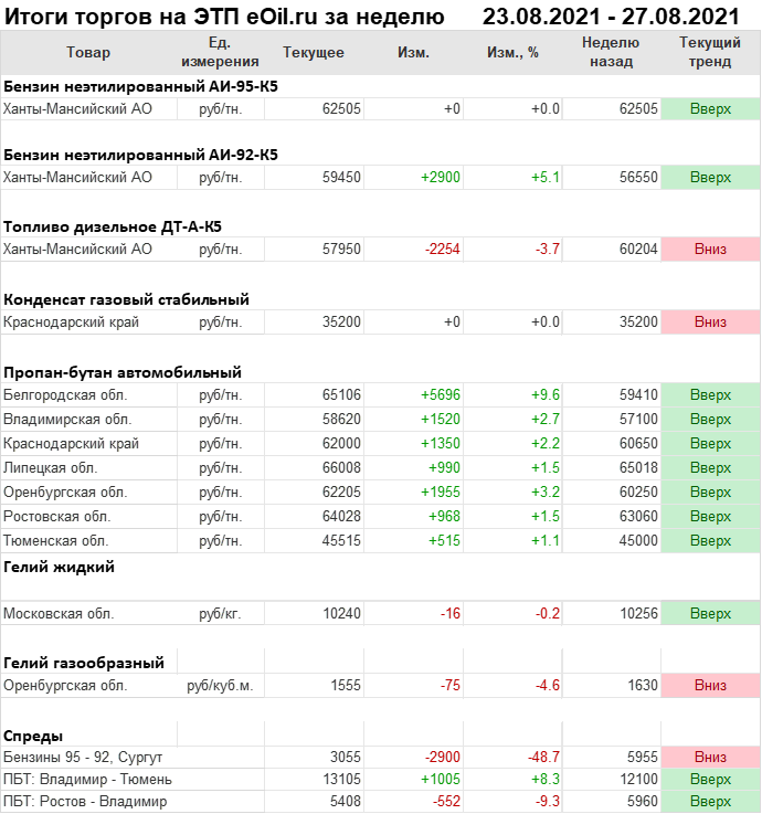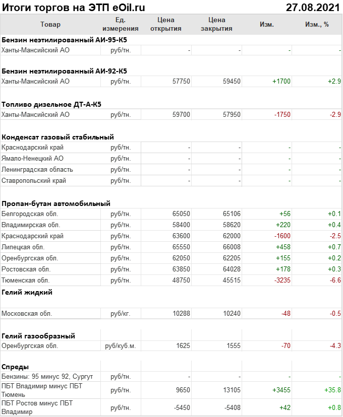 Итоги торгов на ЭТП eOil.ru с 23 по 27 августа 2021
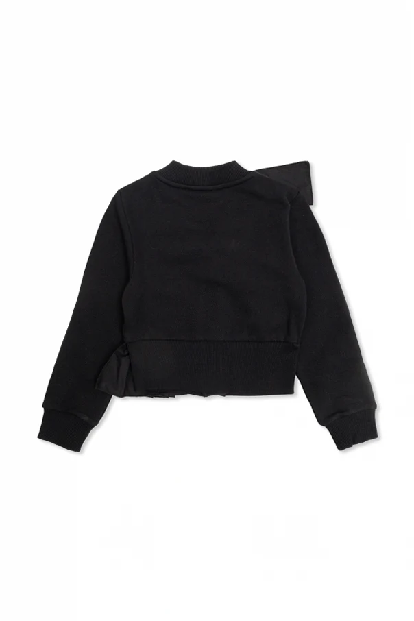 Eine kurze Strickjacke von außergewöhnlicher Eleganz im zeitlosen Schwarz besticht durch ihren raffinierten Schnitt und kunstvolle Details. Besonders ins Auge fällt die asymmetrische, beeindruckende Rüsche , die die Silhouette harmonisch vom linken Schulterbereich über die Vorderseite bis zum unteren Rand umschmeichelt und dem Gesamtbild einen faszinierenden, mädchenhaften Ausdruck verleiht.
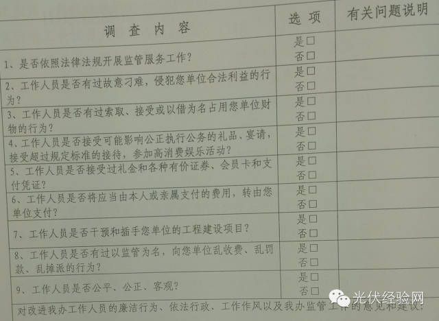 索比光伏网讯:2014年11月,为进一步促进分布式电源项目发展,确保分布式发电优先上网、全额收购和补贴落实到位,国家能源局下属各监管局(办)依据国家能源局《关于印发2014年下半年重点专项监管工作计划的通知》,对国家电网各省、市供电公司进行了一轮廉政调查。
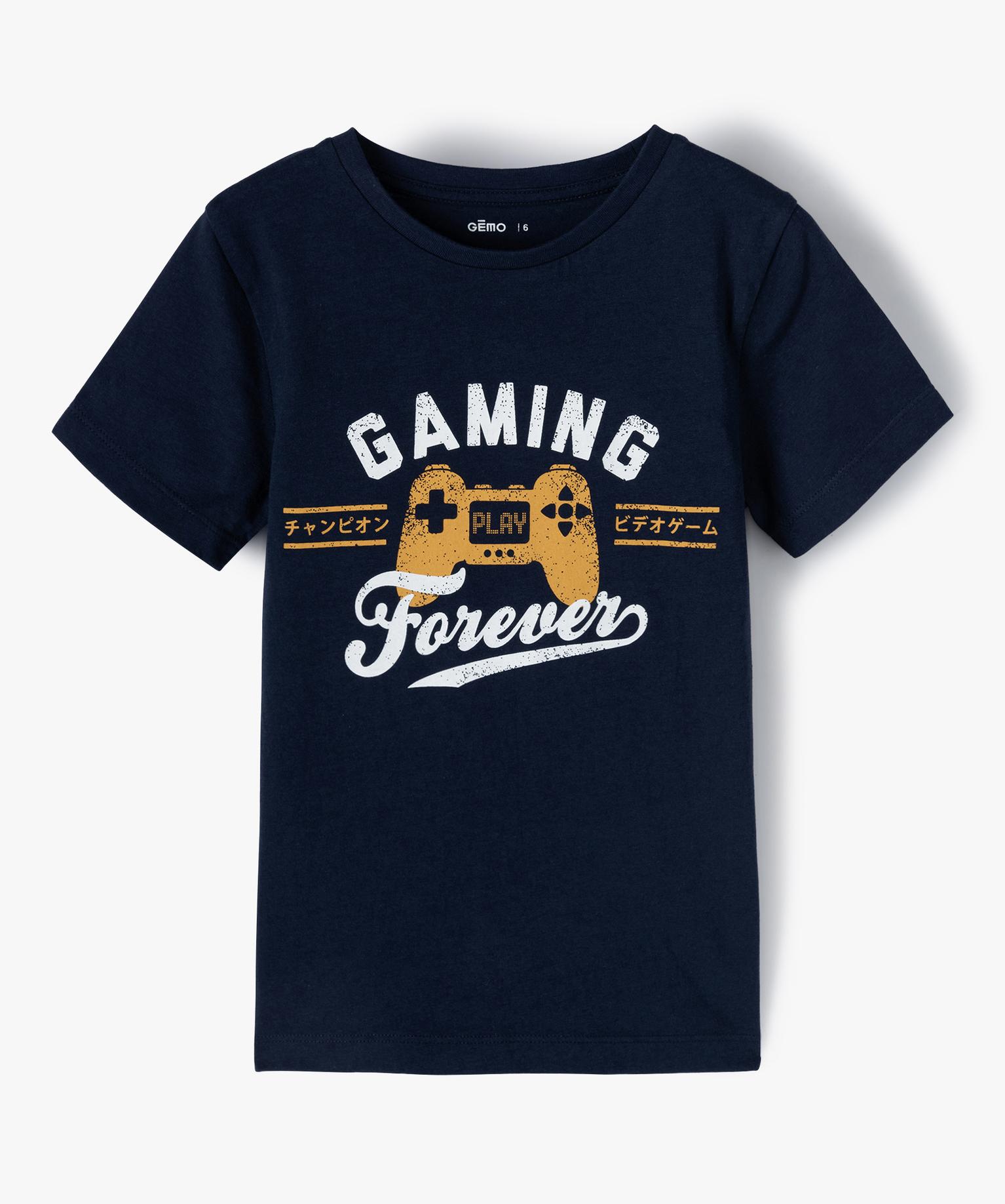Tee-shirt garçon imprimé à manches courtes noir chine
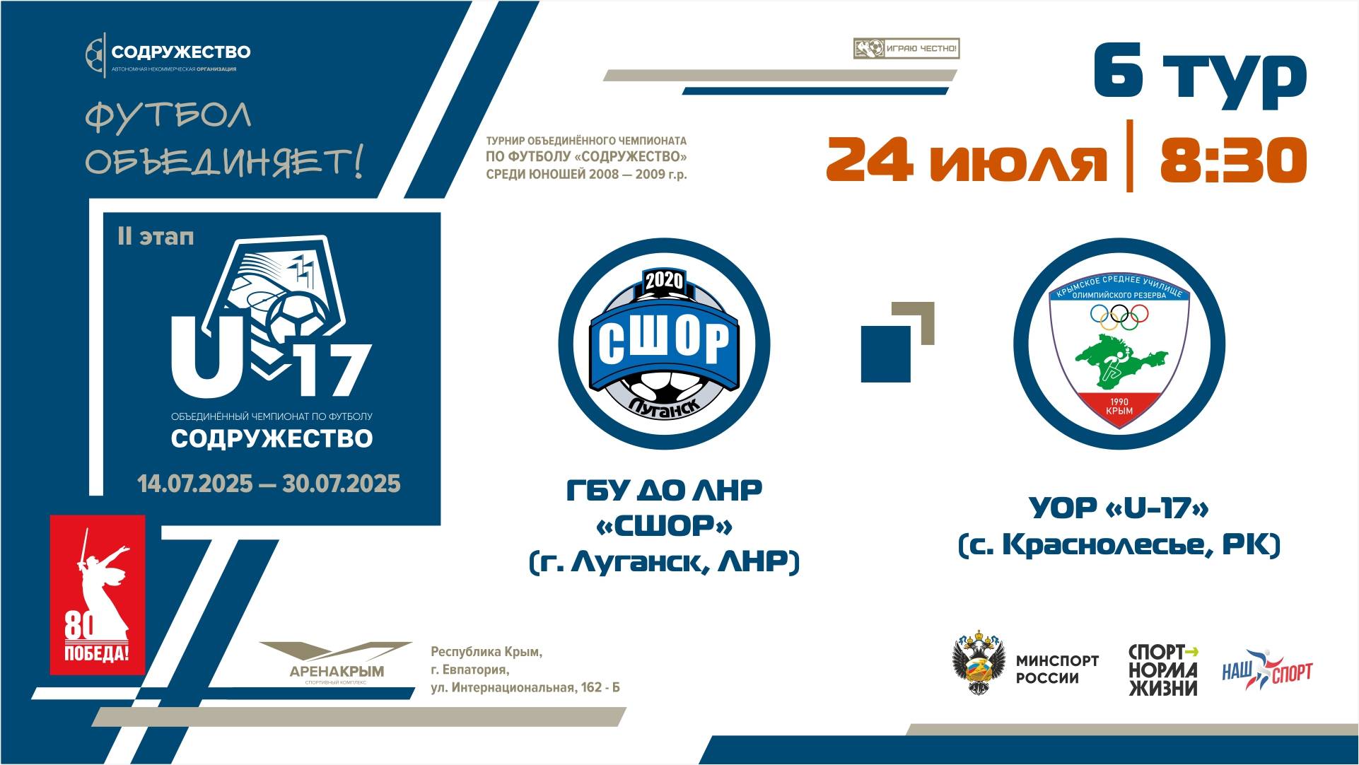 6 ТУР | U-17 | ГБУ ДО ЛНР «СШОР по футболу» (г. Луганск) - УОР «U-17» (с. Краснолесье, РК)
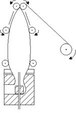 Наложение изоляции на провода и кабели явилось одной из первых областей применения экструзии. Металлический провод подаётся к фильере с отдающего устройства.
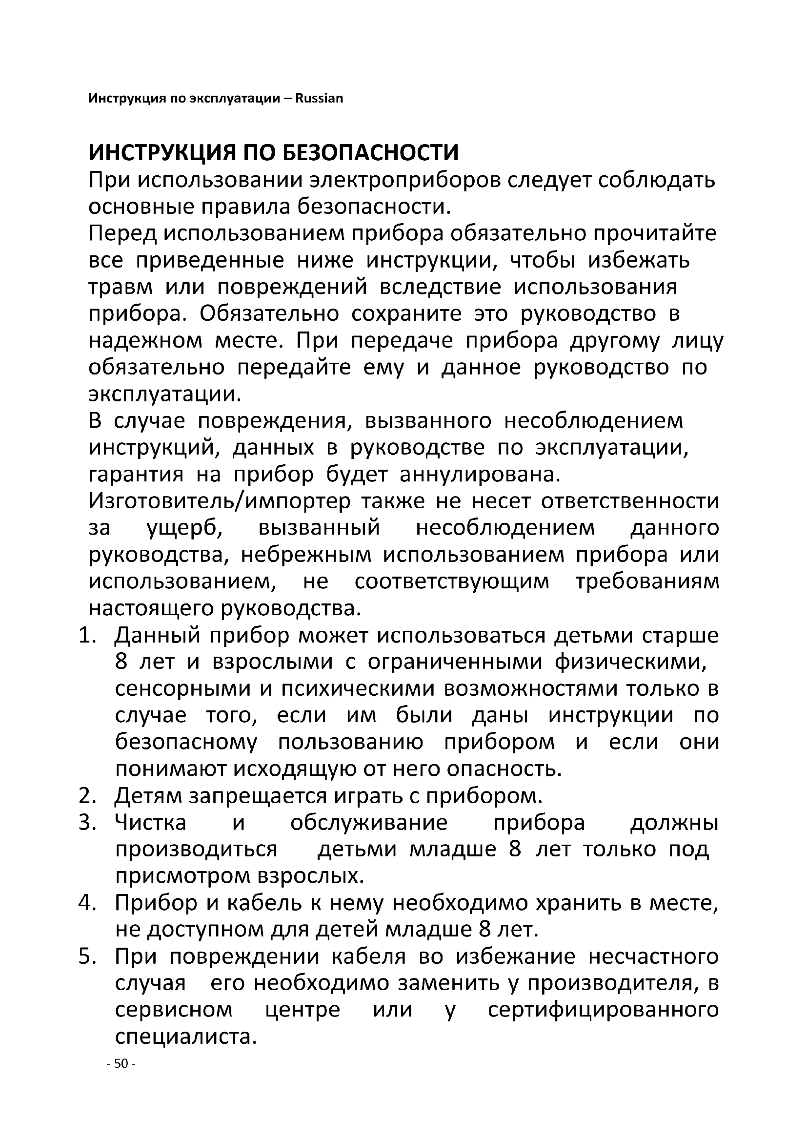 5. При повреждении кабеля во избежание несчастного
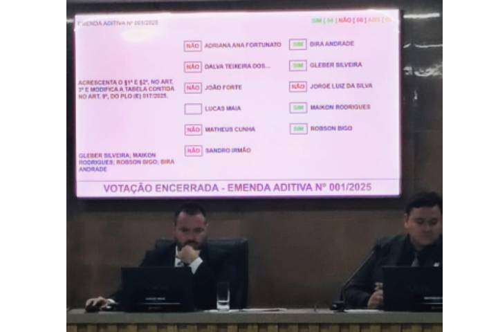Adriana e João Forte (PSDB), Dalva (PSD), Matheus Cunha, Sandro Irmão e Jorge Luiz (MDB) – votaram contra a emenda aditiva ao projeto 017/25, que institui incentivo financeiro as equipes de atenção primária da saúde
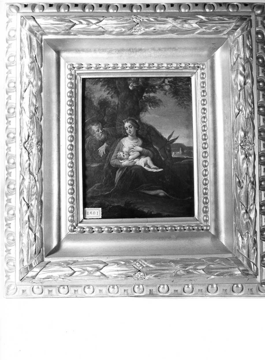 - NOTIZIE STORICO CRITICHE Il piccolo dipinto è di scarsa qualità artistica. Si riscontra una disposizione molto comune delle figure, dell'asino e dello sfondo paesistico. La stesura pittorica è alquanto rozza e sommaria, anche se una pulitura dell'opera potrebbe mostrare un originale di un livello superiore. Appartiene, probabilmente, alla scuola romana, sicuramente dopo il Maratta e verso la prima metà del Settecento
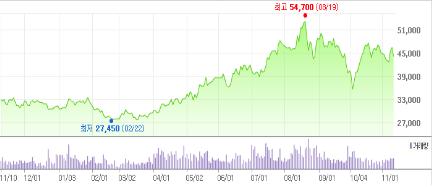 LG패션 주가는 올해 초 2만원대를 밑돌며 업계 대표 '저평가주'로 주목받았다. 하반기에는 4만원 대에 안정적으로 안착하며 3분기 실적 개선을 무기로 주가에 날개를 달 수 있을 지 관심이 모아졌지만 상승세가 한풀 꺽인 모양세다.
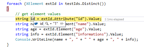 testIds = xInformations.Descendants("test").Select(x => (string)x.Attribute("id")).ToList();现在,我确实希望使用foreach来读取和保存每个id的所有信息:
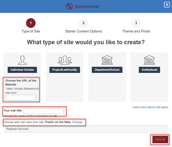 - Enter the URL in the space provided after choosing the type of site. If you are unsure which type of site to create, make your selections and click Next. You can always go back to make changes.
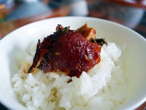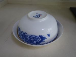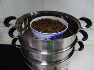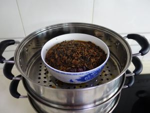 碎粒咸菜放入腌好的蹄膀中,同样也压得紧实一点。开大火,加盖蒸约两个小时。我家的双层蒸锅,刚好两碗一起蒸。
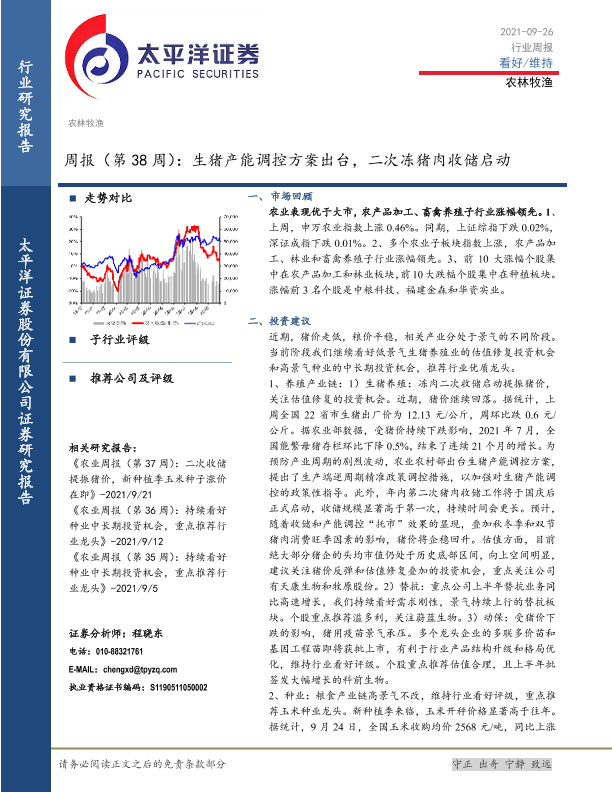 【太平洋证券】【20210926】20210926-太平洋-农林牧渔周报(第38周):生猪产能调控方案出台,二次冻猪肉收储启动-15页
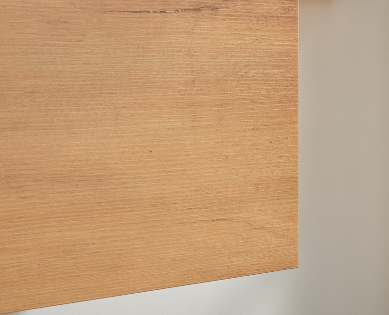 Kúpeľňové skrinky sú vyrobené z MDF lamina (stredne hustá drevovláknitá doska) s nalisovanou melamínovou fóliou, ktorá je odolná voči vlhkosti, poškriabaniu, UV žiareniu a bežným čistiacim prostriedkom. Povrch je hladký, tvrdý, homogénny a ľahko sa čistí. MDF dosky sa nekrútia ako masívne drevo. Pokiaľ dôjde k mechanickému narušeniu laminácie, samotné MDF jadro môže navlhnúť.
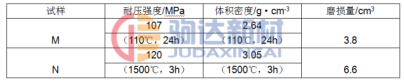 從耐磨性試驗方法可看出,要想得到好的耐磨性,試樣必須有較高的耐壓強度,骨料與基質的硬度較大,骨料與基質的結合強度也應很好。本實驗用的骨料和基質為合成料,其莫氏硬度較高。為7.5~8.5,致密度也高,具有金屬及非金屬的諸多性能。因此研制的澆注料具有較好的耐磨性。為驗證這一點,分別采用合成料和白剛玉為原料,加入相同的添加劑及結合劑,制成高強超耐磨澆注料(M)和低水泥剛玉澆注料(N),測其耐壓強度、體積密度及常溫磨損量,結果見表2。

=-=-=-=-=

(Task requirements) Without the pictures, restate all of the entries word for word.

(Written answer)
 Итоги торгов на ЭТП eOil.ru с 23 по 27 августа 2021
 Eine kurze Strickjacke von außergewöhnlicher Eleganz im zeitlosen Schwarz besticht durch ihren raffinierten Schnitt und kunstvolle Details. Besonders ins Auge fällt die asymmetrische, beeindruckende Rüsche , die die Silhouette harmonisch vom linken Schulterbereich über die Vorderseite bis zum unteren Rand umschmeichelt und dem Gesamtbild einen faszinierenden, mädchenhaften Ausdruck verleiht.
 索比光伏网讯:2014年11月,为进一步促进分布式电源项目发展,确保分布式发电优先上网、全额收购和补贴落实到位,国家能源局下属各监管局(办)依据国家能源局《关于印发2014年下半年重点专项监管工作计划的通知》,对国家电网各省、市供电公司进行了一轮廉政调查。
Tee-shirt garçon imprimé à manches courtes noir chine
 6 ТУР | U-17 | ГБУ ДО ЛНР «СШОР по футболу» (г. Луганск) - УОР «U-17» (с. Краснолесье, РК)
 Наложение изоляции на провода и кабели явилось одной из первых областей применения экструзии. Металлический провод подаётся к фильере с отдающего устройства.
 5. При повреждении кабеля во избежание несчастного
Adriana e João Forte (PSDB), Dalva (PSD), Matheus Cunha, Sandro Irmão e Jorge Luiz (MDB) – votaram contra a emenda aditiva ao projeto 017/25, que institui incentivo financeiro as equipes de atenção primária da saúde
 - NOTIZIE STORICO CRITICHE Il piccolo dipinto è di scarsa qualità artistica. Si riscontra una disposizione molto comune delle figure, dell'asino e dello sfondo paesistico. La stesura pittorica è alquanto rozza e sommaria, anche se una pulitura dell'opera potrebbe mostrare un originale di un livello superiore. Appartiene, probabilmente, alla scuola romana, sicuramente dopo il Maratta e verso la prima metà del Settecento
 LG패션 주가는 올해 초 2만원대를 밑돌며 업계 대표 '저평가주'로 주목받았다. 하반기에는 4만원 대에 안정적으로 안착하며 3분기 실적 개선을 무기로 주가에 날개를 달 수 있을 지 관심이 모아졌지만 상승세가 한풀 꺽인 모양세다.
 testIds = xInformations.Descendants("test").Select(x => (string)x.Attribute("id")).ToList();现在,我确实希望使用foreach来读取和保存每个id的所有信息:
 - Enter the URL in the space provided after choosing the type of site. If you are unsure which type of site to create, make your selections and click Next. You can always go back to make changes.
 碎粒咸菜放入腌好的蹄膀中,同样也压得紧实一点。开大火,加盖蒸约两个小时。我家的双层蒸锅,刚好两碗一起蒸。
 【太平洋证券】【20210926】20210926-太平洋-农林牧渔周报(第38周):生猪产能调控方案出台,二次冻猪肉收储启动-15页
 Kúpeľňové skrinky sú vyrobené z MDF lamina (stredne hustá drevovláknitá doska) s nalisovanou melamínovou fóliou, ktorá je odolná voči vlhkosti, poškriabaniu, UV žiareniu a bežným čistiacim prostriedkom. Povrch je hladký, tvrdý, homogénny a ľahko sa čistí. MDF dosky sa nekrútia ako masívne drevo. Pokiaľ dôjde k mechanickému narušeniu laminácie, samotné MDF jadro môže navlhnúť.
 從耐磨性試驗方法可看出,要想得到好的耐磨性,試樣必須有較高的耐壓強度,骨料與基質的硬度較大,骨料與基質的結合強度也應很好。本實驗用的骨料和基質為合成料,其莫氏硬度較高。為7.5~8.5,致密度也高,具有金屬及非金屬的諸多性能。因此研制的澆注料具有較好的耐磨性。為驗證這一點,分別采用合成料和白剛玉為原料,加入相同的添加劑及結合劑,制成高強超耐磨澆注料(M)和低水泥剛玉澆注料(N),測其耐壓強度、體積密度及常溫磨損量,結果見表2。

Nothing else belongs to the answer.